Clinical Trial Outcome Measures

Primary Measures

  • Recording spontaneous EEG during labor
    • Time Frame: 12 month recruitment period
    • The investigators will record spontaneous fetal EEG activity during labor using a custom-build IRB-approved fetal EEG device. The validity of the recorded data will be analyzed based on the physiological characteristics of the data such as amplitude and frequency properties as well as the behavioral state architecture (duration of low voltage/high frequency and high voltage/low frequency states as well as of the indeterminate states). The data will be analyzed in conjunction with the accompanying fetal heart rate recordings which also show behavioral state fluctuations.

Secondary Measures

  • Fetal acidemia
    • Time Frame: 12 month recruitment period
    • EEG recordings will be used to validate whether the EEG-FHR patterns are predictive of fetal acidemia intrapartum

Participating in This Clinical Trial

Inclusion Criteria

Women in labor, with medical complications of pregnancy, such as IUGR, hypertension, diabetes, or obesity (BMI over 30).

Exclusion Criteria

1. Maternal or fetal infection or bleeding disorder;

2. Birth through Caesarian section will only be excluded if decided a priori;

3. Non-English speaking.

Gender Eligibility: Female

Minimum Age: 18 Years

Maximum Age: 55 Years

Are Healthy Volunteers Accepted: No

Investigator Details

  • Lead Sponsor
    • University of Washington
  • Provider of Information About this Clinical Study
    • Principal Investigator: Martin Frasch, Research Assistant Professor, Obstetrics and Gynecology – University of Washington
  • Overall Official(s)
    • Martin G Frasch, MD, PhD, Principal Investigator, University of Washington
  • Overall Contact(s)
    • Martin G Frasch, MD, PhD, 206-543-5892, mfrasch@uw.edu

References

Wang X, Durosier LD, Ross MG, Richardson BS, Frasch MG. Online detection of fetal acidemia during labour by testing synchronization of EEG and heart rate: a prospective study in fetal sheep. PLoS One. 2014 Sep 30;9(9):e108119. doi: 10.1371/journal.pone.0108119. eCollection 2014.

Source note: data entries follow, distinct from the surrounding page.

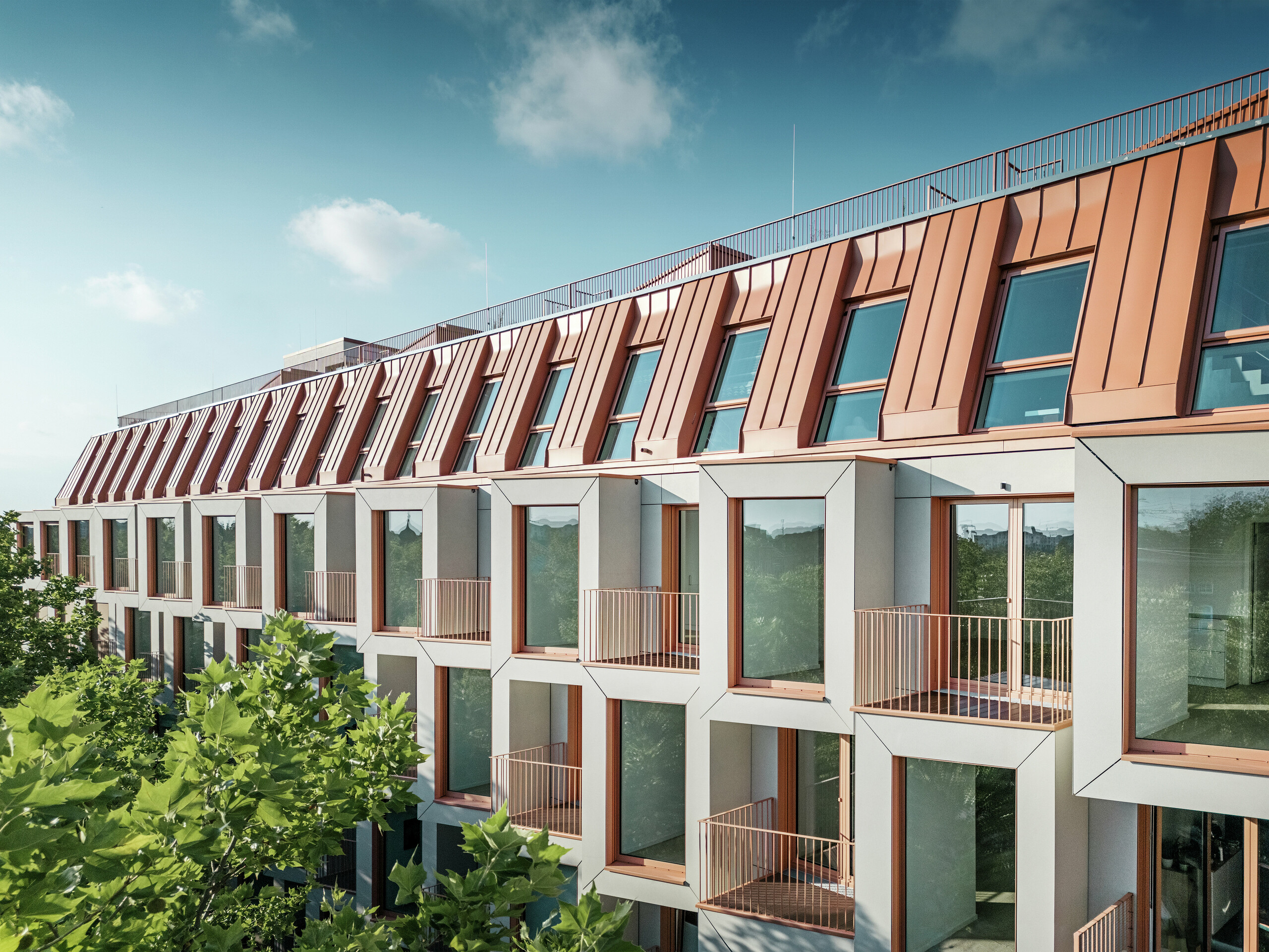 Særlig iøynefallende er fasaden med skråstilte, stablede karnapper. De fremtredende karnappelementene er kledd i luftede glassfiberbetongplater. Fargene er et samspill av kobberoransje, en lett lakserosa og varm betonggrå. Fasaden skal skape en interaktivt nivå, et «se og bli sett», forklarer prosjektleder Sven Disser fra Bauwerk. Effekten er ønsket. Fasaden med de utragende karnappene, de store glassflatene og balkongflatene blir en møteplass for husets beboere og skaper rom for interaksjon langs byggets yttergrense.
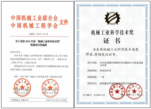 近日,中国机械工业联合会、中国机械工程学会正式公布了2024年度“机械工业科学技术奖”奖励项目,湖南鑫远环境科技集团股份有限公司(以下简称鑫远股份)参与的“污水处理减污降碳协同关键技术与装备创新及应用”项目荣获科技进步奖一等奖。
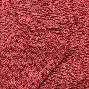 Knit top (slightly see-through); pretty coral and teal threads; open keyhole back; 3/4 sleeves; long on the torso; XS- fits true to size
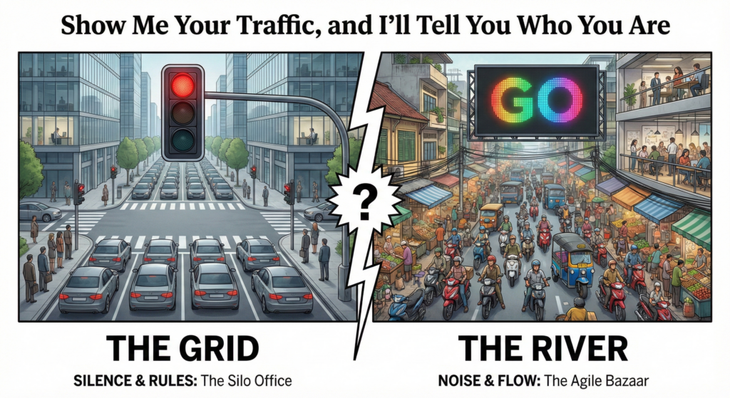 Every country has the “Hardware” which includes the traffic laws, the painted lanes, and the red lights. But what actually governs the road is the “Software,” or the unwritten social norms.

Frasch MG, Durosier LD, Gold N, Cao M, Matushewski B, Keenliside L, Louzoun Y, Ross MG, Richardson BS. Adaptive shut-down of EEG activity predicts critical acidemia in the near-term ovine fetus. Physiol Rep. 2015 Jul;3(7). pii: e12435. doi: 10.14814/phy2.12435.

Xu A, Durosier LD, Ross MG, Hammond R, Richardson BS, Frasch MG. Adaptive brain shut-down counteracts neuroinflammation in the near-term ovine fetus. Front Neurol. 2014 Jun 30;5:110. doi: 10.3389/fneur.2014.00110. eCollection 2014.

Frasch MG, Keen AE, Gagnon R, Ross MG, Richardson BS. Monitoring fetal electrocortical activity during labour for predicting worsening acidemia: a prospective study in the ovine fetus near term. PLoS One. 2011;6(7):e22100. doi: 10.1371/journal.pone.0022100. Epub 2011 Jul 15.